Leí hace años un relato de Richard
Ford en el que presentaba a un matrimonio de tantos, norteamericanos de
mediana edad, de compras por un atestado centro comercial. De repente irrumpe
en la tienda en la que ellos curiosean un desequilibrado blandiendo una pistola
amenazadora y lanzando gritos. Se desata el pánico, un auténtico cafarnaúm de
alaridos de horror, carreras y empujones a su alrededor. Entonces, de forma del
todo inconsciente, durante esos críticos instantes el marido alcanza a
guarecerse tras el cuerpo de su mujer. Alguien desarma y reduce pronto al
zumbado. Ha sido todo visto y no visto, ha durado escasos segundos el episodio
entero. Se restablece, pues, la grata normalidad allí, también en apariencia la
del matrimonio protagonista.
Pero de vuelta a casa, silenciosos y atrapados en el atasco dentro de un
túnel, -destreza simbólica del Autor para escenificar la crisis- la mujer
reflexiona y le anuncia a su marido el fin de su matrimonio: ha entendido que
la situación límite vivida antes ha revelado de manera indiscutible la verdadera
personalidad de él y la verdad esencial de la relación que les une. En vez de
protegerme, ¡me utilizaste de escudo!, viene a decirle. Y frente a los hechos
no valen nada las palabras con que quieras ahora adornar tu cobardía. No puedes
ahora decirme que me quieres.
¿Cuándo somos más de verdad nosotros mismos? ¿Es en las situaciones
extremas, ésas en las que desaparecen los roles acomodaticios de lo social y en
las que se disuelve el conjunto de caretas con el que transitamos por la vida
cuando aflora nuestra moneda más íntima y pura? ¿O son las cruciales reacciones
en esos momentos extraordinarios producto sólo del ciego instinto y de
automáticos mecanismos internos nuestros que ni siquiera del todo conocemos, y
que por lo tanto, ningún valor de verdad sobre nosotros pueden mostrar?
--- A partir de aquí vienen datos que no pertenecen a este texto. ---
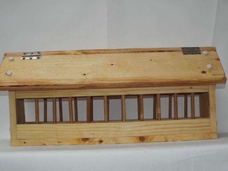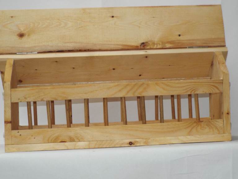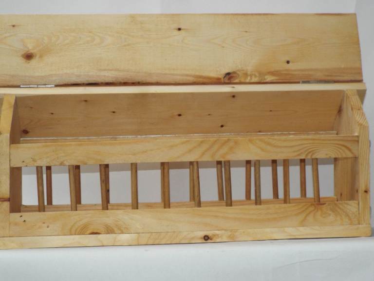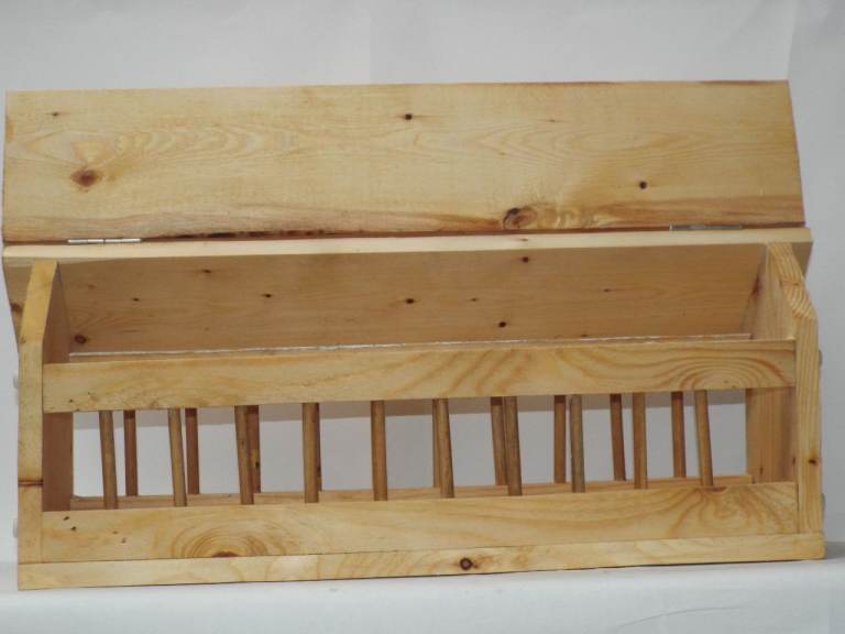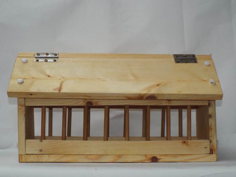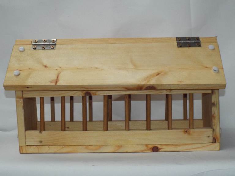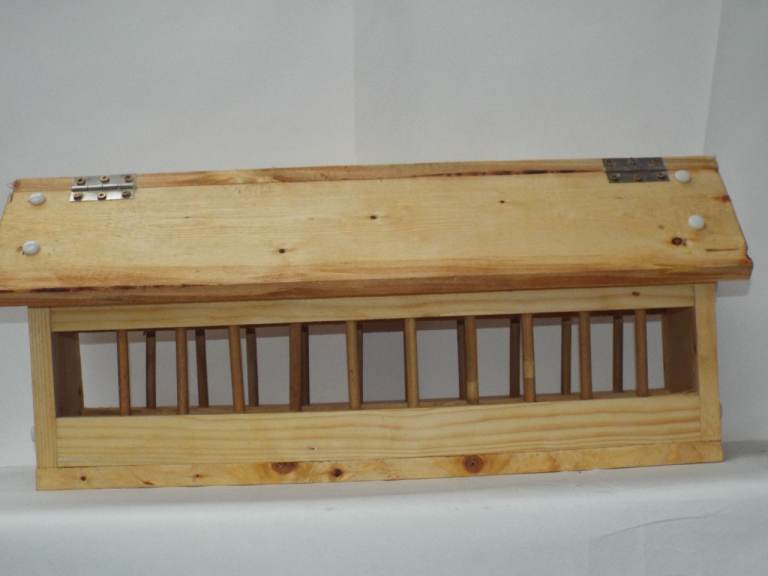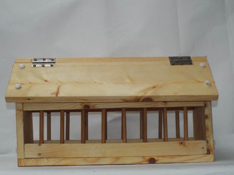 Handmade wooden pigeon, chicken feeder 60cm long 13cm width width one side open roof multi slot containers different sizes available 45cm 18£ 60cm20£ 95cm 25£ the thickness of the material is three-quarters 3/4 treat with natural wood protection

¿Son acaso los instintos –es decir, lo animal, lo atávico, lo pulsional-
la almendra última de nuestra concreta humanidad? ¿No decimos cosas como “se me
fue la olla, me dio el punto, se me cruzaron los cables” para que no se nos
tenga en cuenta según que extemporánea reacción que una vez tuvimos? ¿Dice más
de una persona lo que ésta haga en un muy determinado momento, fuera por
completo de lo ordinario y sometida a tan tremenda presión de ambiente que
apenas puede sino “saltar”, que el conjunto de pequeñas acciones y reflexiones
con las que ha construido con paciencia y con consciencia su personalidad y su
mundo a lo largo de la vida? ¿Podía la concreta reacción de ese marido ante el
atroz caos desatado por un pistolero tronado ser puramente anecdótica, azarosa
y fortuita, y constituir por contra la suma de todos los hechos cotidianos y
reflexivos en relación con su mujer la auténtica prueba del nueve de lo que en
realidad él es? ¿Cuándo somos como de verdad somos?